The Belgian had initially tried to continue the race after his fall, but abandoned soon enough. "My shoulder blade fractured neatly, too. The pain is bearable. I still have to rest completely for another week, and then I'll take a new lung scan."
If this scan reveals that VDB's lung is recovering well from its collapse, then the rider may well start the Vuelta later this summer. Doctor Toon Claes told the press that he had to wait before putting new pressure on the lung because of a risk of it collapsing again. "But the scans of today compared to the first ones already show improvement," Claes told Het Nieuwsblad.

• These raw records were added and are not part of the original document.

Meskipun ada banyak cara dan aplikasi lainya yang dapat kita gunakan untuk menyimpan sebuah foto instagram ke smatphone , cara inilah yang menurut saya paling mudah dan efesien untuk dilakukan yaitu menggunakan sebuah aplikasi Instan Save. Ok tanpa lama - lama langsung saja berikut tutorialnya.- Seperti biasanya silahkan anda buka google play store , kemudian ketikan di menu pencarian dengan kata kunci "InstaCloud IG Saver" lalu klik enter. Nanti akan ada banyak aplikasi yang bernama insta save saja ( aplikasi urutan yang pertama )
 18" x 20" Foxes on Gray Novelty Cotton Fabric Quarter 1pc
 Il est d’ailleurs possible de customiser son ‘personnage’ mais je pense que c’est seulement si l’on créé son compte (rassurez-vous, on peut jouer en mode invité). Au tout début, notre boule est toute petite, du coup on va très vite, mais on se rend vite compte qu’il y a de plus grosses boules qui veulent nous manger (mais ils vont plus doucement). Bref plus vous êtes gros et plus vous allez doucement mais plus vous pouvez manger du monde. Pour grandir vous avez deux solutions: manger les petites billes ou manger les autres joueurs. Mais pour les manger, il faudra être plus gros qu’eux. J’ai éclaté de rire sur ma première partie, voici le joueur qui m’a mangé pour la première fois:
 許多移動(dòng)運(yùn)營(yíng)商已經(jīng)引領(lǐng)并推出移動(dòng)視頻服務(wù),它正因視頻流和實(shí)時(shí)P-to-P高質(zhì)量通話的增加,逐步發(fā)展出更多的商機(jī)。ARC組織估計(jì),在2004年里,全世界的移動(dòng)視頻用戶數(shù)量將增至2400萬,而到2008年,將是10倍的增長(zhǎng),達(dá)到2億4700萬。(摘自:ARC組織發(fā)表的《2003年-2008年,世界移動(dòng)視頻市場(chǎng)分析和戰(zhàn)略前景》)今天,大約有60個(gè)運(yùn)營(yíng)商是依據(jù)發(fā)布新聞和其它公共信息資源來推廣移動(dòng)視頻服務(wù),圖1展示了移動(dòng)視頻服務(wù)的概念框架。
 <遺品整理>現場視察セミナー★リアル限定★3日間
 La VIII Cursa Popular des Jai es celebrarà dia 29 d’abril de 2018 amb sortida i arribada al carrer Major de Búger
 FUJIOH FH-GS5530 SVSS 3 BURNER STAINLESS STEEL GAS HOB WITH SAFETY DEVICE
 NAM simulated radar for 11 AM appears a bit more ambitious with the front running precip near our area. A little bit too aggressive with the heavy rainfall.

"I sure hope to take part in Spain, even if it just to build up my condition again," Van Den Broeck said. "But my lung has to heal naturally, I can't force it to."
In any case, Van Den Broeck's morale was much better as he is trying to put his bad luck behind him. "I will be back at the 2012 Tour de France with the same ambitions, perhaps even greater," he added before recalling this year's race.
"I surely would have made the podium in Paris. On the evening before my fall I sent my coach a message telling him the podium was doable. I knew how I felt and I saw my rivals at work, too."